Assignment: Once the images are set aside, print the remaining lines below exactly.
------ Data block ------
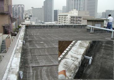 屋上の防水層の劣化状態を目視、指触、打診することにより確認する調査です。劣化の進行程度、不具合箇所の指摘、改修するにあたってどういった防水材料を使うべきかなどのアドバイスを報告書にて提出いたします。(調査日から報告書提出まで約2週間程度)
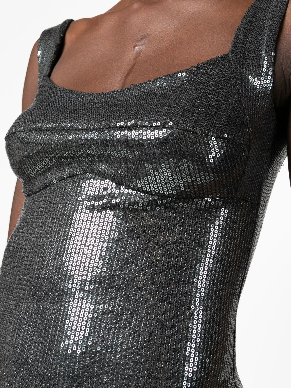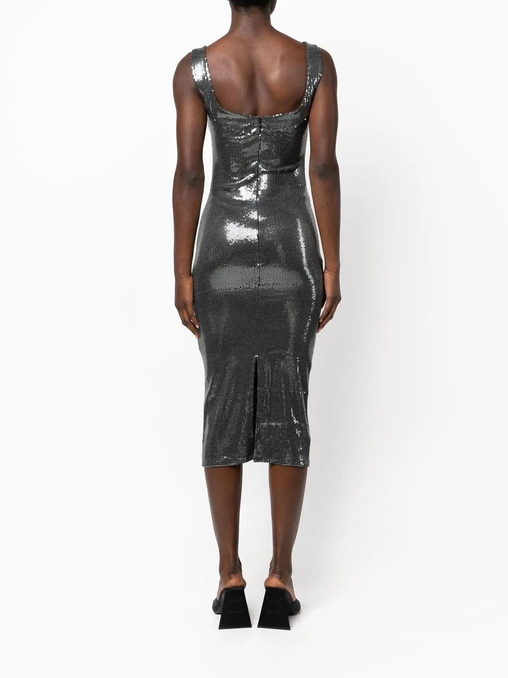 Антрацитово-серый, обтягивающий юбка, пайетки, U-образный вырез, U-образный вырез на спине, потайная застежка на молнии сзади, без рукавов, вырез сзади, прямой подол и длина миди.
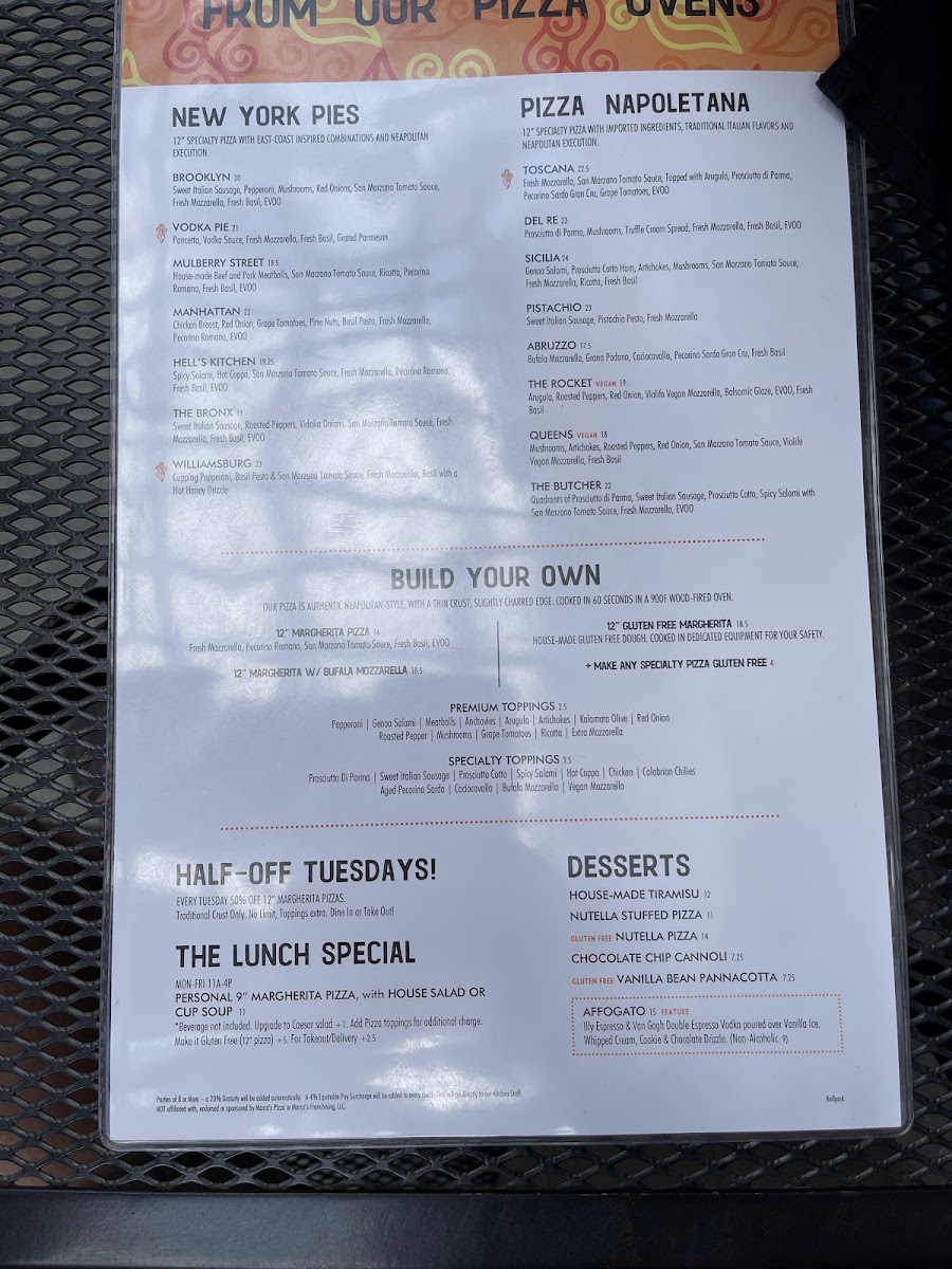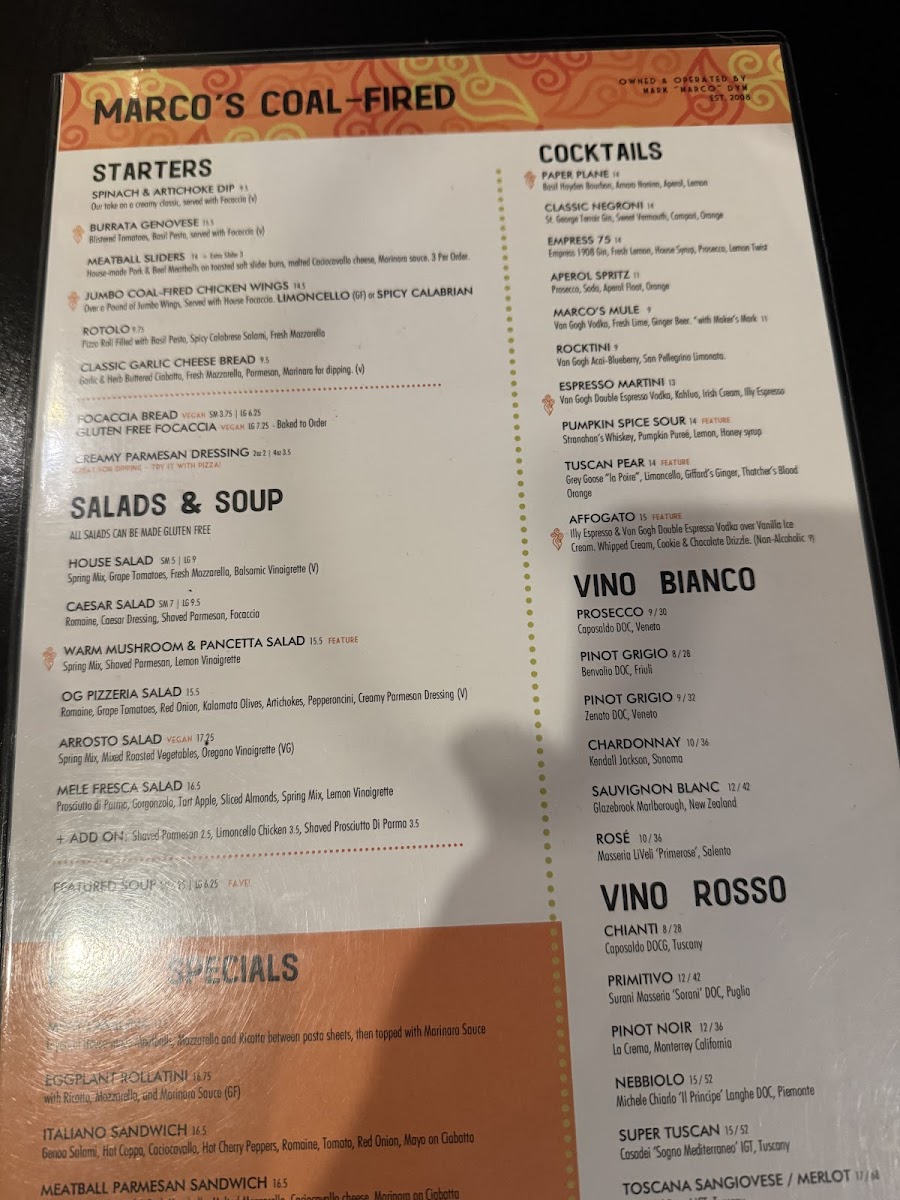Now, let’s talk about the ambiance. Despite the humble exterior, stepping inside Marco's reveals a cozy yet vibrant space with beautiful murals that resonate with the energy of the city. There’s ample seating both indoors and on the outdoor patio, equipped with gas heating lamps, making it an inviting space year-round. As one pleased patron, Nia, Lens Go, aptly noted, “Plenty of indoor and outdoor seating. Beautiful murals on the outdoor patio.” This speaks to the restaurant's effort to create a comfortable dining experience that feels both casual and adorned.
------
Answer space:
 屋上の防水層の劣化状態を目視、指触、打診することにより確認する調査です。劣化の進行程度、不具合箇所の指摘、改修するにあたってどういった防水材料を使うべきかなどのアドバイスを報告書にて提出いたします。(調査日から報告書提出まで約2週間程度)
 Антрацитово-серый, обтягивающий юбка, пайетки, U-образный вырез, U-образный вырез на спине, потайная застежка на молнии сзади, без рукавов, вырез сзади, прямой подол и длина миди.
Now, let’s talk about the ambiance. Despite the humble exterior, stepping inside Marco's reveals a cozy yet vibrant space with beautiful murals that resonate with the energy of the city. There’s ample seating both indoors and on the outdoor patio, equipped with gas heating lamps, making it an inviting space year-round. As one pleased patron, Nia, Lens Go, aptly noted, “Plenty of indoor and outdoor seating. Beautiful murals on the outdoor patio.” This speaks to the restaurant's effort to create a comfortable dining experience that feels both casual and adorned.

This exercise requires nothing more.